Meanwhile, fans of the Zero Escape series created an online campaign to raise awareness and support the development of a sequel to Virtue's Last Reward. Uchikoshi noted that the fan presence was a key factor for the sequel's reevaluation. While delivering the pitch for the game, he used a fan-made vocal rendition of the series theme song; Spike Chunsoft (Note: Chunsoft merged with the Japanese company Spike in 2012, and was renamed Spike Chunsoft.) agreed to the proposal, and green-lit production of Zero Time Dilemma (2016). With Zero Time Dilemma, Uchikoshi intended to resolve all mysteries left from the previous two games in the series, as well as those introduced in the third. Following the game's release, he remarked that having devoted the last decade of his life to the series, he was saddened to see it finally come to an end. His next two projects were announced in 2017: the escape room game The Pop Star's Room of Doom, and the video game AI: The Somnium Files. Another anime project, The Girl in Twilight, was announced in 2018, for which Uchikoshi wrote the original concept.

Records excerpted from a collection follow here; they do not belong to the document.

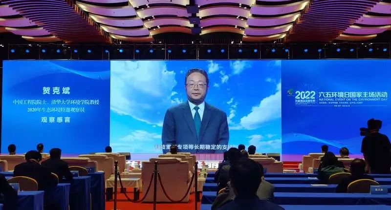 6月5日,中国工程院院士、william威廉中文官网教授贺克斌在六五环境日国家主场活动发表观察感言。中青报·中青网记者张艺/摄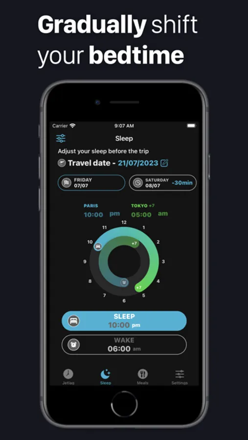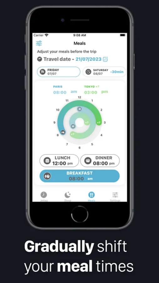 A few weeks before your departure, fill in a few simple parameters in the application. JETLAG will offer you a personalized schedule to gradually shift your bedtime, wake up time and meals.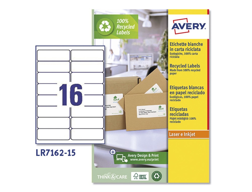 Etiquetas adhesiva blancas Avery en papel blanco, ecológicas realizada en papel reciclado al 100% y certificado FSC. El color blanco es muy parecidoa las etiquetas tradicionales. Adhesivo permanente. Nueva tecnología ultr agrip, agarre seguro sin atascamientos para impresiones perfectas. Cuenta la tecnología QuickPeel, simplemente se divide la hoja a lo largo de la perforación para separar las esquinas de las etiquetas, se remueve y se aplica. Para impresoras láser. Utiliza el software crea e imprime gratuito de Avery para realizar el diseño de las etiquetas con pocos clics. Medidas: 99,1x33,9 mm. Caja de 25 hojas A4. 240 etiquetas por caja.

In 2018, it was announced that Uchikoshi had left Spike Chunsoft and formed a new, independent video game developer, Too Kyo Games, together with writer Kazutaka Kodaka and composer Masafumi Takada, both of whom previously worked on the Danganronpa series at Spike Chunsoft. Other Danganronpa staff members, and Uchikoshi's fellow Infinity writer Takumi Nakazawa, also joined the company. At Too Kyo Games, Uchikoshi has the role of scenario writer and game director, and has written two video games: World's End Club, an action-adventure game involving children playing a death game, and The Hundred Line: Last Defense Academy, a tactical role-playing game co-written with Kodaka.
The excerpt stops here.